The song itself exemplifies what The Clash did best: merge pop music with radical politics. This, I think, is a lethal combination. If “Spanish Bombs” isn’t one of the greatest pop songs to ever exist, then I don’t know what is. What they have done with this track is construct a danceable song that inspires critical thought and the remembrance of moments in which humans almost got it right. To say that the pop aesthetic is just a smooth way to sugarcoat the political message would be false—both parts are equally powerful, and without this equality, the track would either plunge into mindlessness or dogmatism. The Clash’s merging of these two critical forces reaches the height of perfection here.

When I listen to the song now, I recall the following: One day, I was walking by myself through the streets of Sevilla, crossing over the Guadalquivir, heading over to the other side of the city in search of the small pottery district, stopping at every cathedral along the way. It was ridiculously hot, but there was a light breeze. I looked up, and waving from an apartment window was that most beautiful of flags—you know, the one that is half red and half black. I took a picture of it so I would never forget. Similarly, in “Spanish Bombs” The Clash has eternalized that magical moment when the “trenches (were) full of poets” who “sang the red flag (and) wore the black one," except within a three and a half minute pop-bomb that's still ticking.

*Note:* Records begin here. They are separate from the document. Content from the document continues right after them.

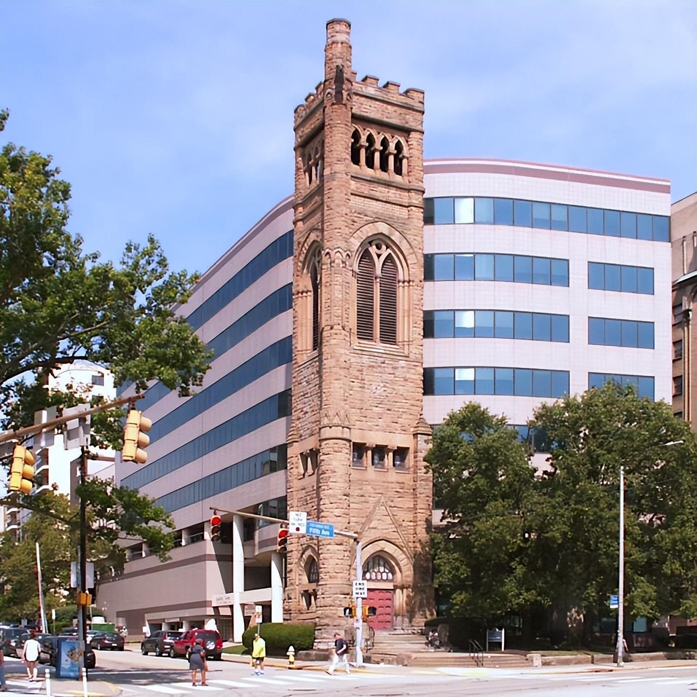 29. 匹兹堡的这座建筑,原教堂被拆除,仅留下尖塔,并在其后建造了一座不和谐的建筑。
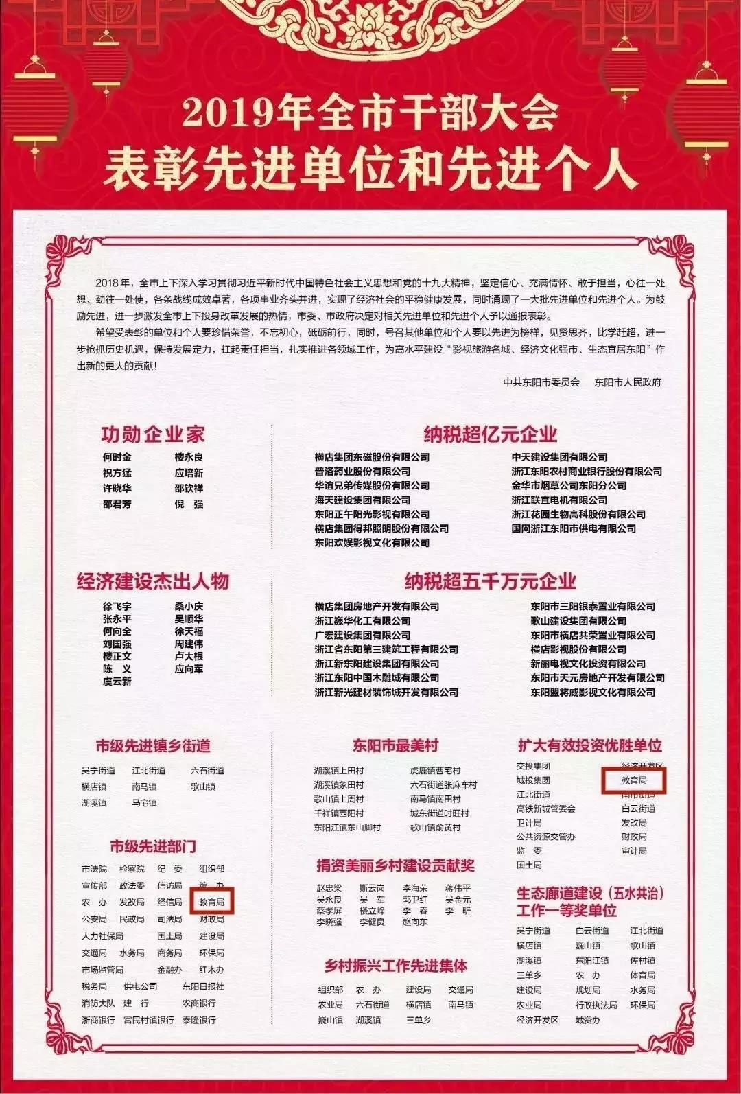 晒一晒东阳教育2019年“成绩单”
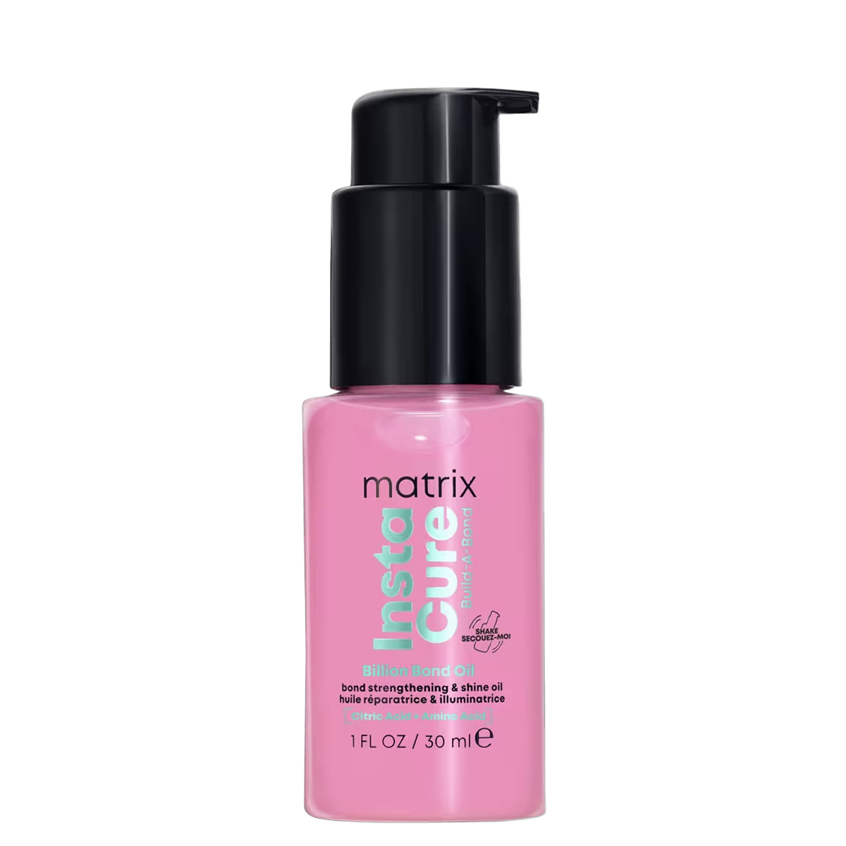 Olejek odbudowujący Instacure Build-A-Bond Billion Bond Oil od Matrix to miliard wiązań dla widocznej rekonstrukcji uszkodzeń. Zawiera kwas cytrynowy, który wzmacnia wiązania we włosach i aminokwas, który odbudowuje ich wewnętrzne struktury. Olejek dodaje włosom blasku nie obciążając ich. Szybko się wchłania, nie pozostawiając tłustej warstwy. Technologia bonding natychmiastowo regeneruje i wzmacnia włosy. Sprawia, że pasma łatwo się rozczesują i są miękkie w dotyku. Wygładza je i nadaje im jedwabisty połysk.
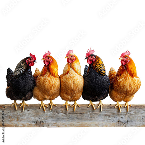 © pngpiko, Fototapeta premium Five Chickens Standing on Wooden Plank Isolated on Transparent Background
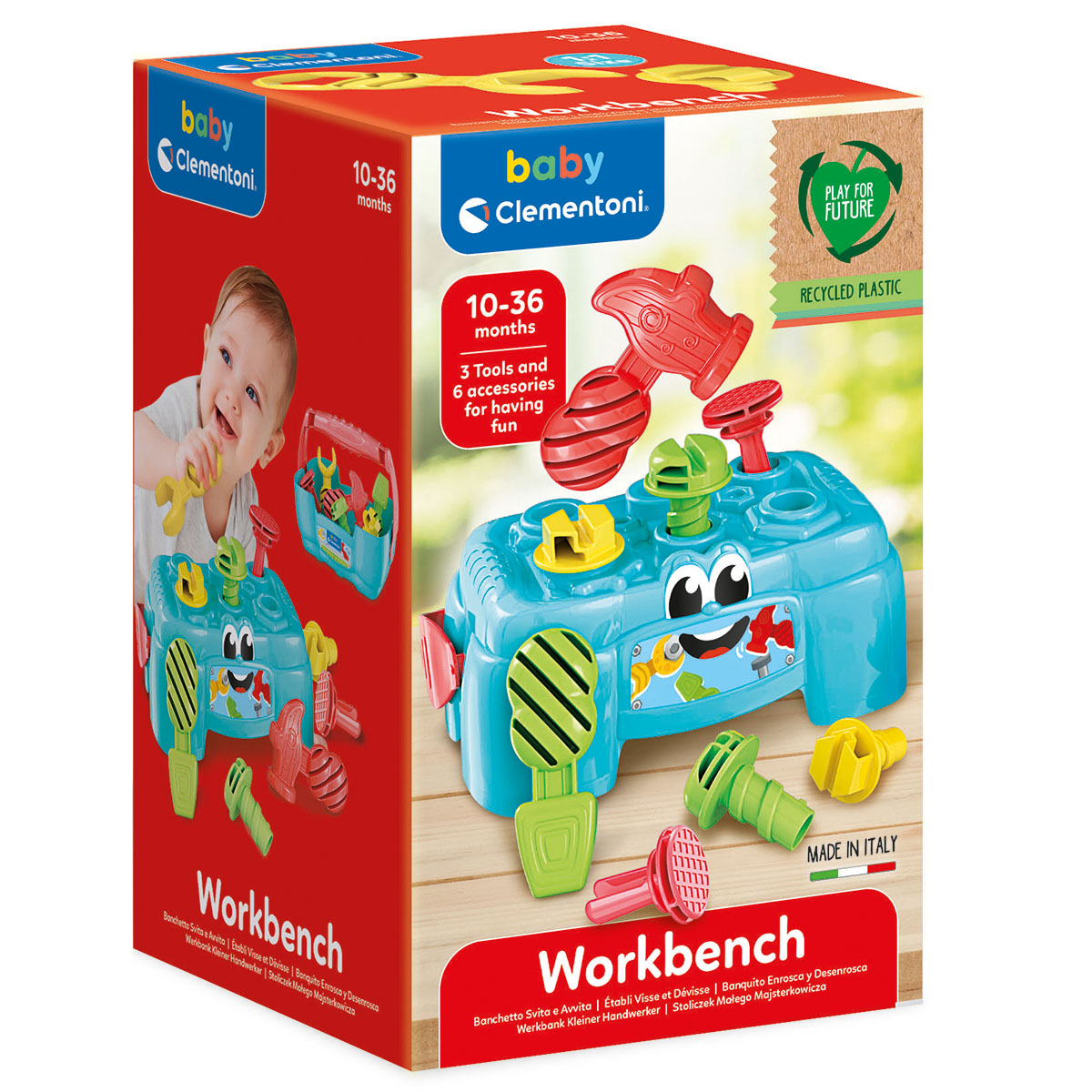 Eine Werkbank mit Hammer, Schraubendreher, Schraubenschlüssel, Nägel, Bolzen und Schrauben lässt die Herzen kleiner Baumeister höher schlagen. Die Werkbank wird zu einer praktischen Werkzeugbox, die überall hin mitgenommen werden kann. Die Hand-Auge-Koordination und die manuellen Fähigkeiten werden gefördert.
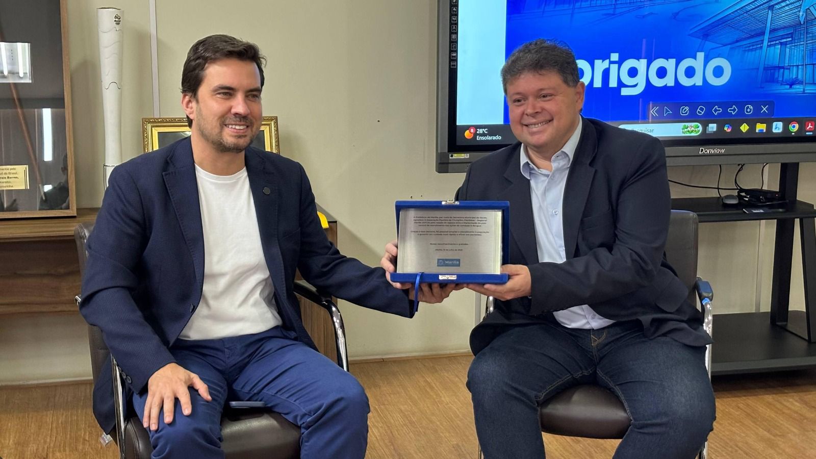 O prefeito Vinicius Camarinha (PSDB) recebeu no gabinete no Paço Municipal na quinta-feira (17) membros da APCD (Associação Paulista de Cirurgiões-Dentistas), regional Marília, para entregar uma placa com mensagem de agradecimento da Prefeitura Municipal pela cessão do prédio da sede da entidade, que foi utilizado como polo de atendimento à população contra a dengue no momento crítico da doença.
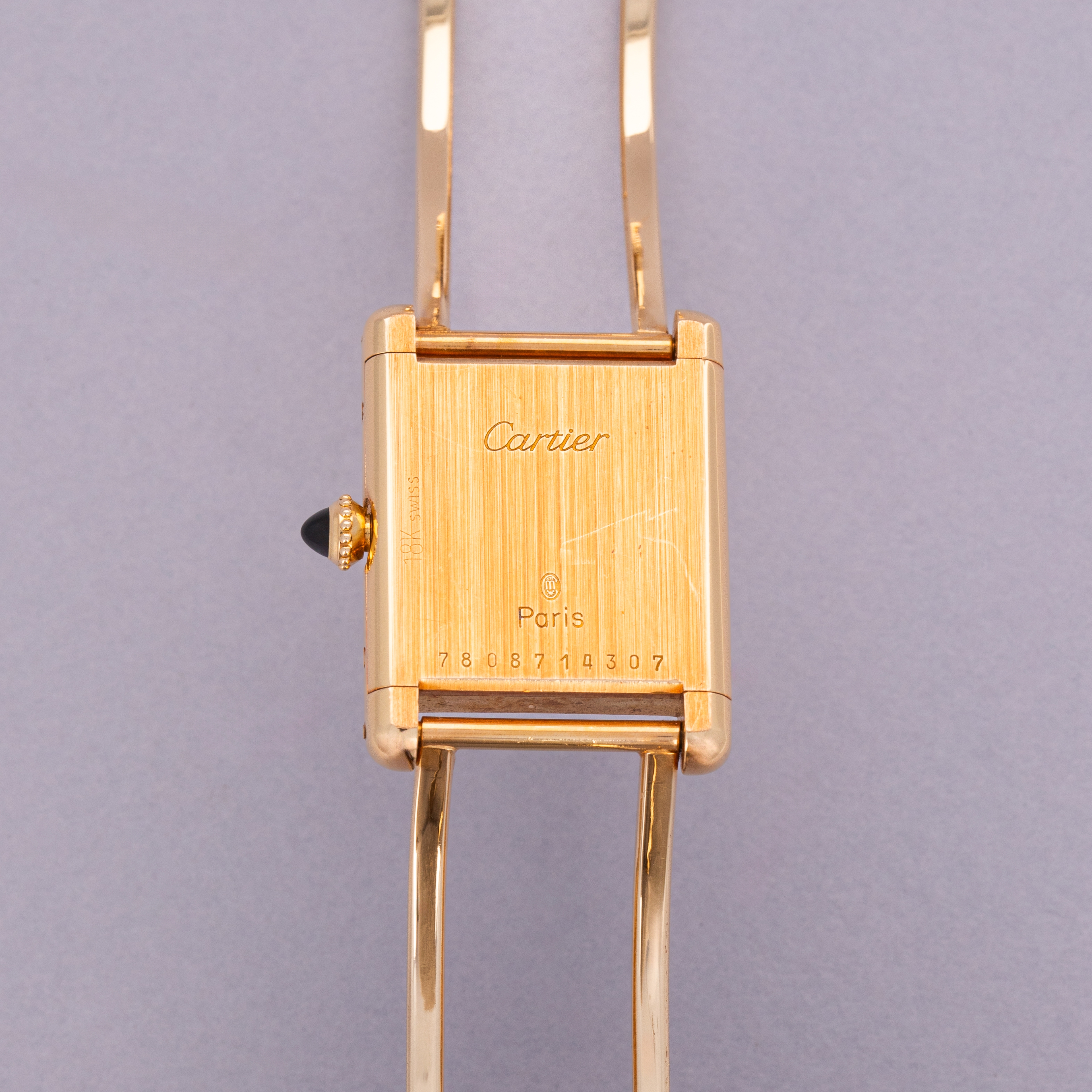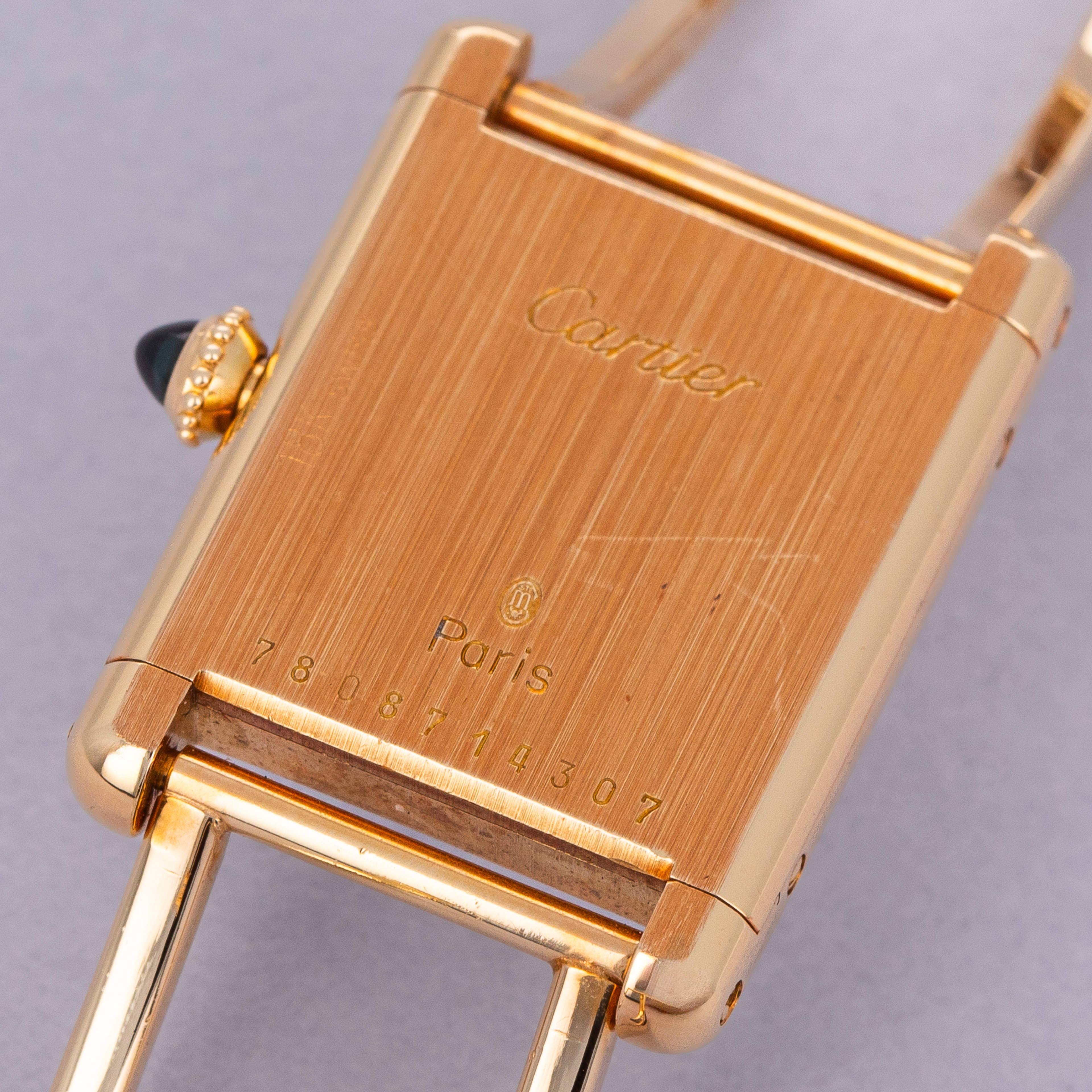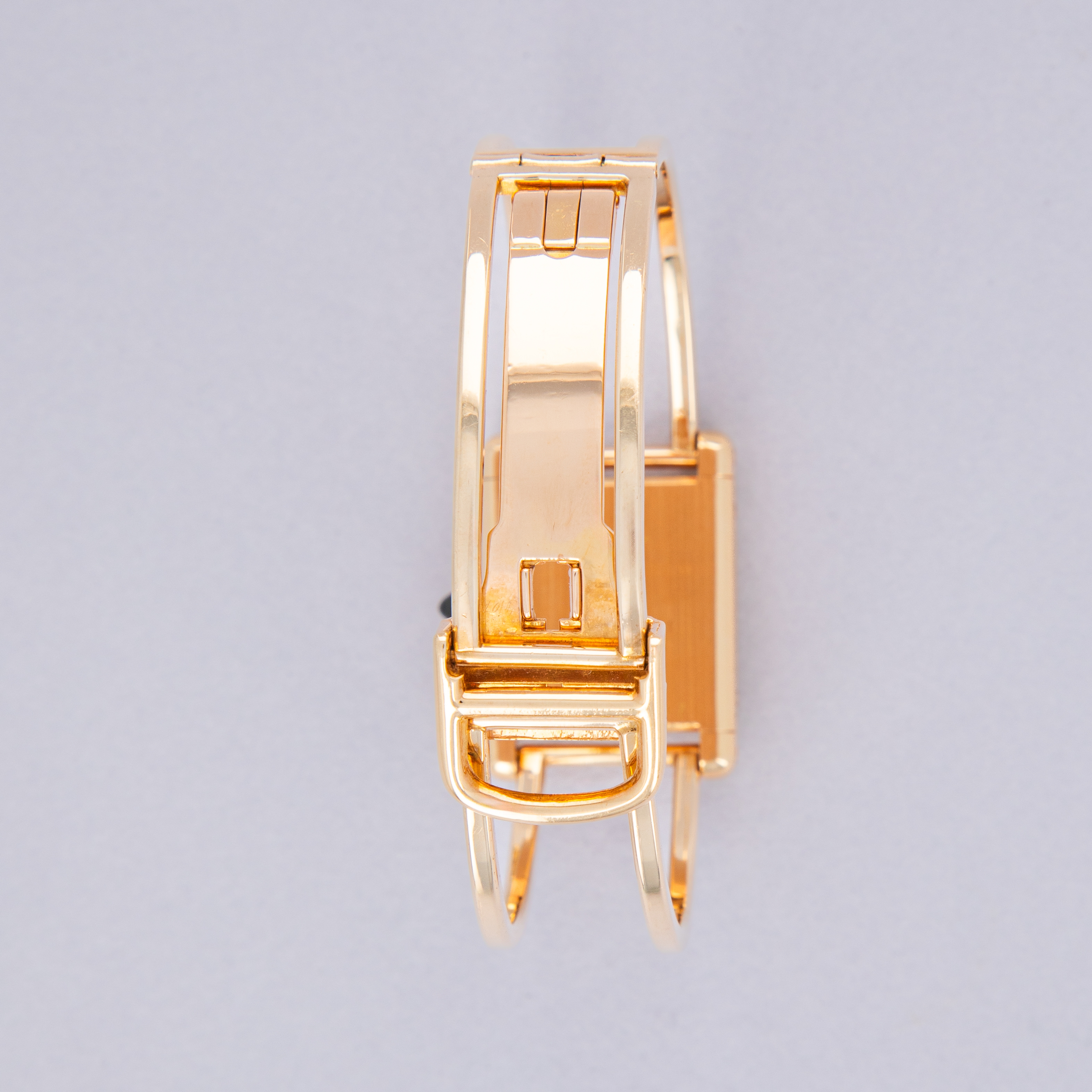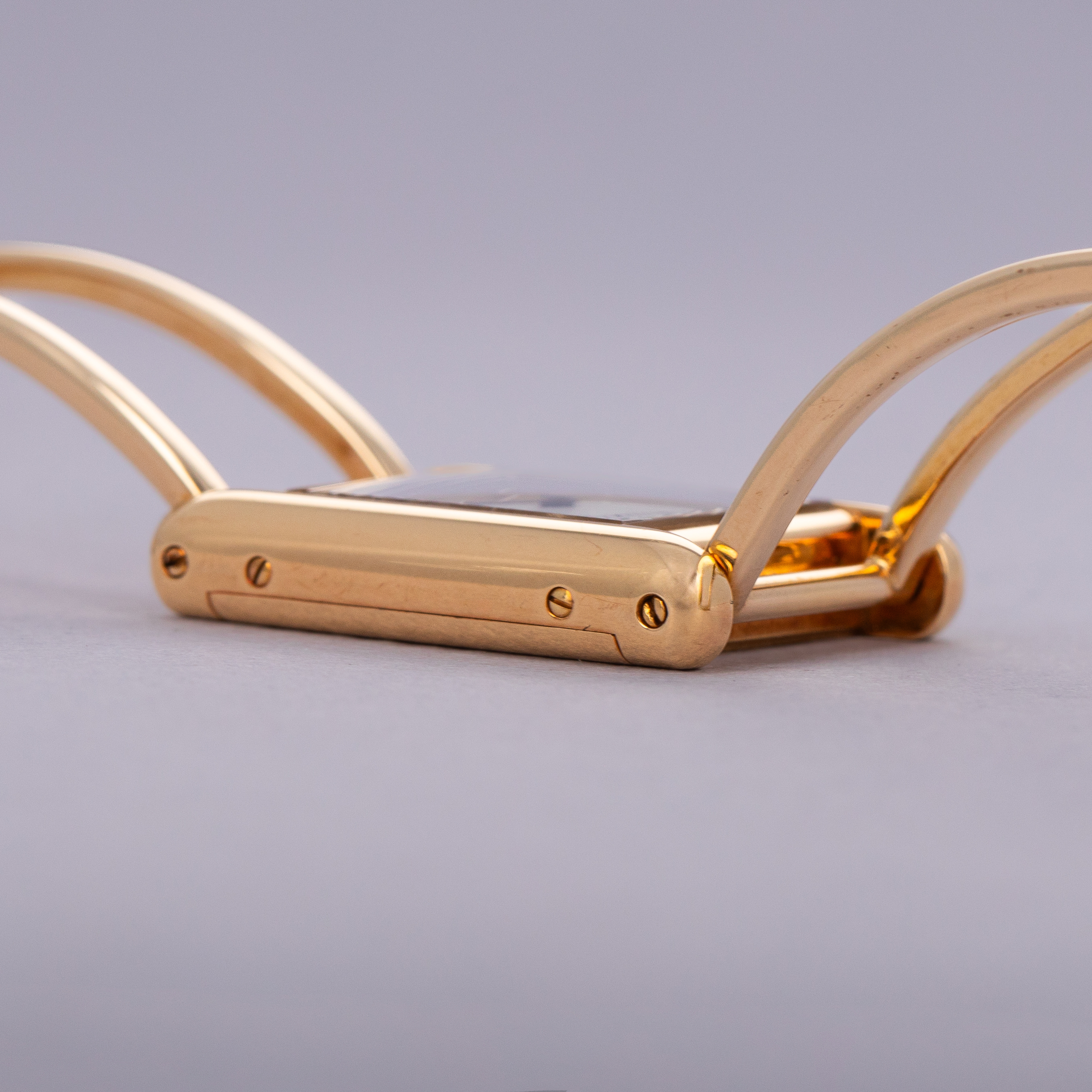 Offered as the smaller of the two Tank Louis options at the time, the ref. 78087 is 28mm x 20mm, making it slightly more svelte than its big brother, the ref. 78086. Adding some presence to its otherwise understated 18kt yellow gld construction, however, this example is offered on a custom 18kt yellow gold bangle-style bracelet that closes using a Cartier deployant clasp.

STREAM: Spanish Bombs at hype machine

YOUTUBE: Spanish Bombs, live, Paris, 1980
YOUTUBE: Spanish Civil War meets Spanish Bombs

Reading and Viewing recommendations for the heads:
The link above, where I mention Orwell, will take you to an online version of the text. Anyone interested in the Spanish Civil War, should read Orwell’s beautiful and tragic first hand account in Homage To Catalonia. Murray Bookchin’s The Spanish Anarchists: The Heroic Years, is also really great. Any good indie video store should have a VHS copy of Land and Freedom, which is a pretty decent film. The propaganda posters from the war are absolutely beautiful. UC San Diego has posted some images from their collection that are worth checking out. Finally, check out AK Press’s Spanish Revolution section for more reading recommendations.

5 comments:

Al said...

Would it be as good without the Castilian pronunciation of corazón?

NO IT WOULD NOT.

Cheech said...

Have read it. I completely prefer Orwell's nonfiction to his fiction. I'm not trying to put down 1984 or Animal Farm; I'm trying to PUT UP that one, his essays collection, and Down And Out In Paris And London. People don't even know they exist.

parallelliott said...

what you both say is trill

jimmy said...

great song indeed. BTW, Spanish Castle Magic is actually referring to a rock club in Seattle I believe, called Spanish Castle or some such (also a great song)

parallelliott said...

good call about hendrix not talkinga about spain. in the lyrics, even, he says "and while it's not in spain all the same it's a groovy name."